I don't think it's possible to make a definitive statement on that Gavel because there are too many variables.

Common sense would dictate that LPG should be cheaper as it carries none of the taxes that derv does, however it all depends on how much you pay for your LPG. If you use Gaz bottles for instance you could be paying £4.00/litre for LPG, a 6kg Calor bottle would probably be more like £1.50/litre and a 13kg bottle £0.90/litre whereas refillable bottles could be as low as £0.50/litre. If derv is £1.15/litre and we assume the same heat output per litre (only guessing here) then gas would be cheaper if your bottles were 13kg or refillable but using smaller bottles would make derv the better option. Another point to consider would be payload - if you're short of payload you could argue that using derv would save carrying a pair of heavy gas bottles?

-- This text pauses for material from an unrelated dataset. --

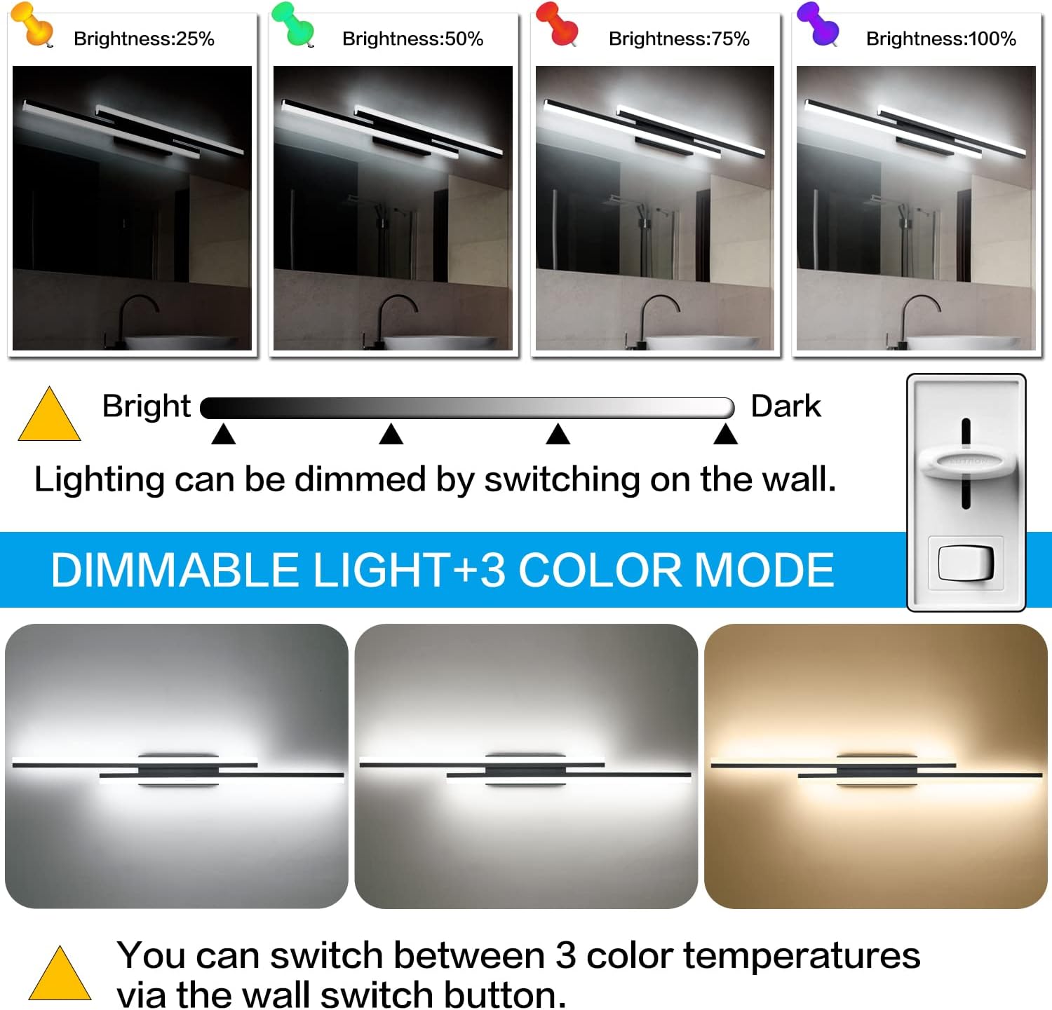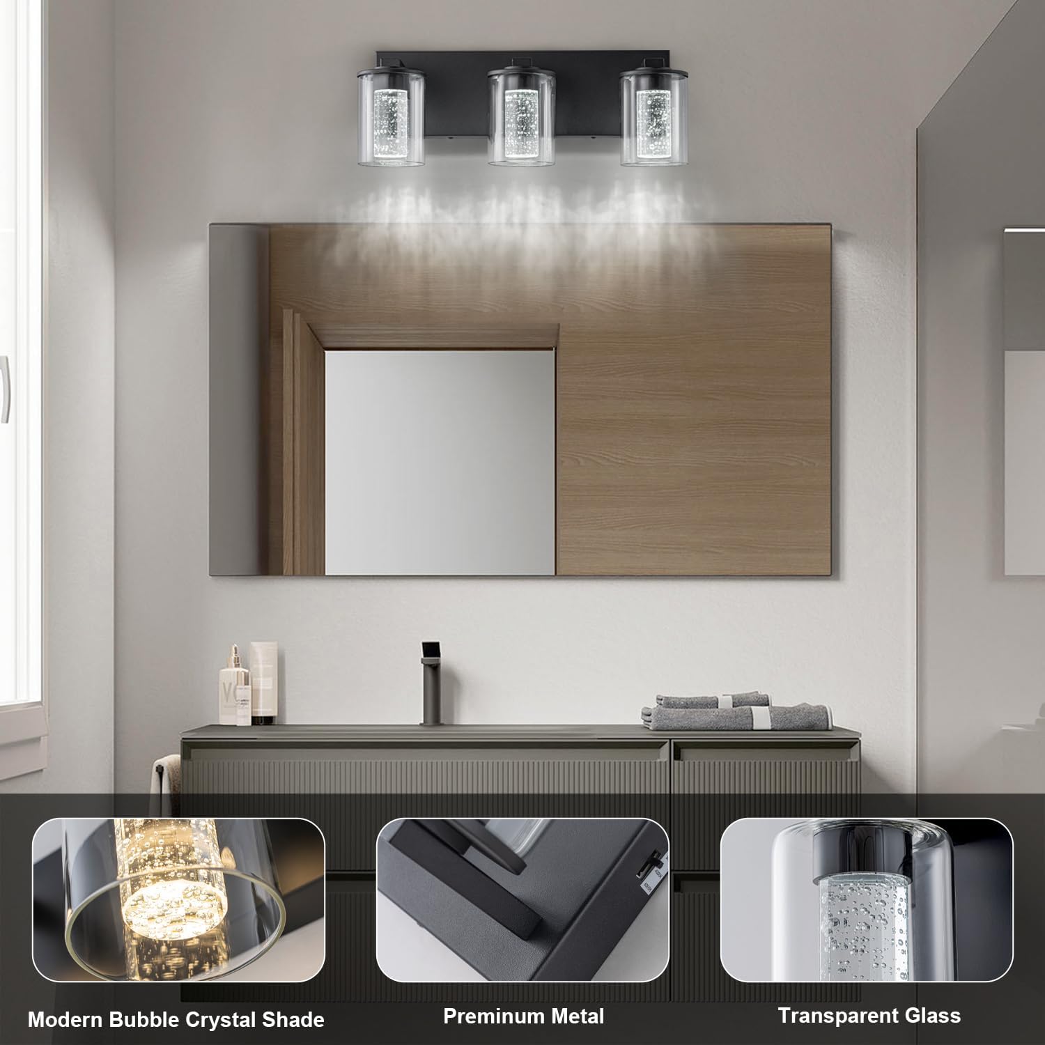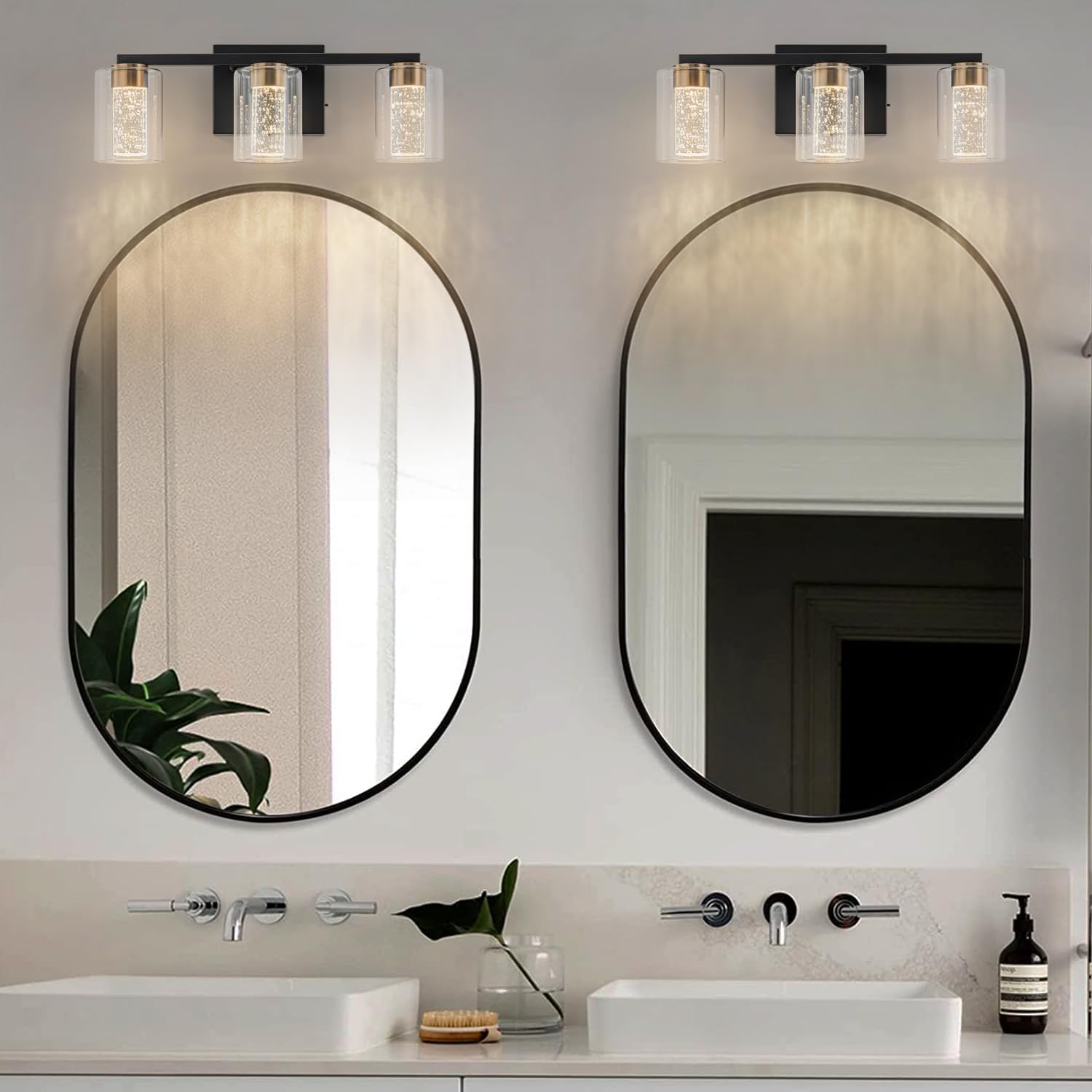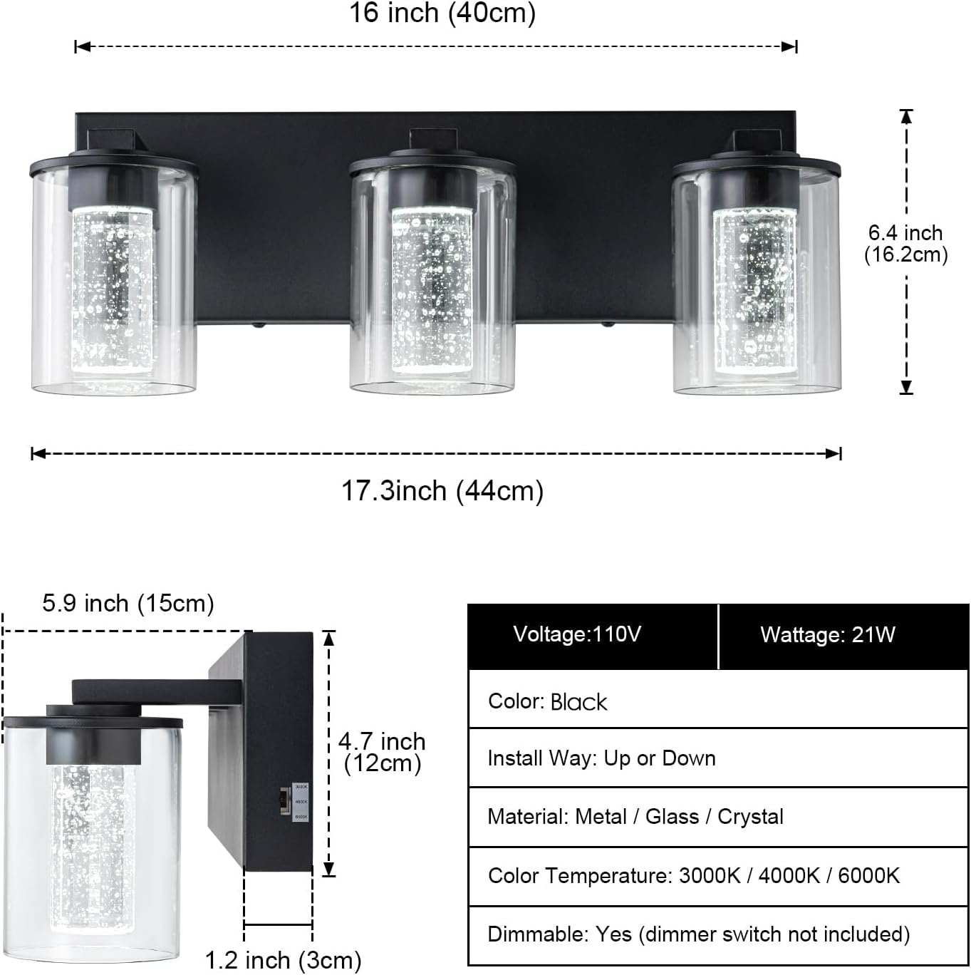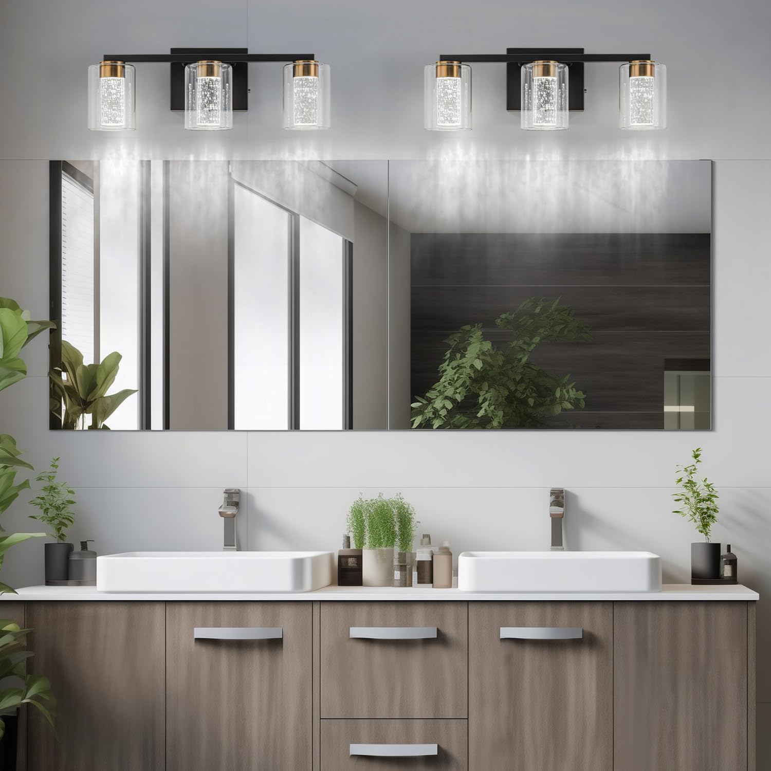 SineRise Black Vanity Light (3-Light, 17-Inch), (3000K/4000K/6000K, Dimmable), Eye Protection LED Bathroom Light Fixture, Modern Wall Light Over Mirror with Clear Glass Shade

In practice, unless you're fulltiming (or have hardly any gas bottle storage space) the relative costs are hardly worth considering.


----------



## b2tus

Hi Gavel

Only just caught up with this thread.

We have a 2006 Starspirit and would be very happy to talk you through all your questions.

If you PM me, I will give you my phone number and we can discuss your queries. FYI, we can heat our water by gas OR electric. I can advise you where the switch is.

Cheers

Brent


----------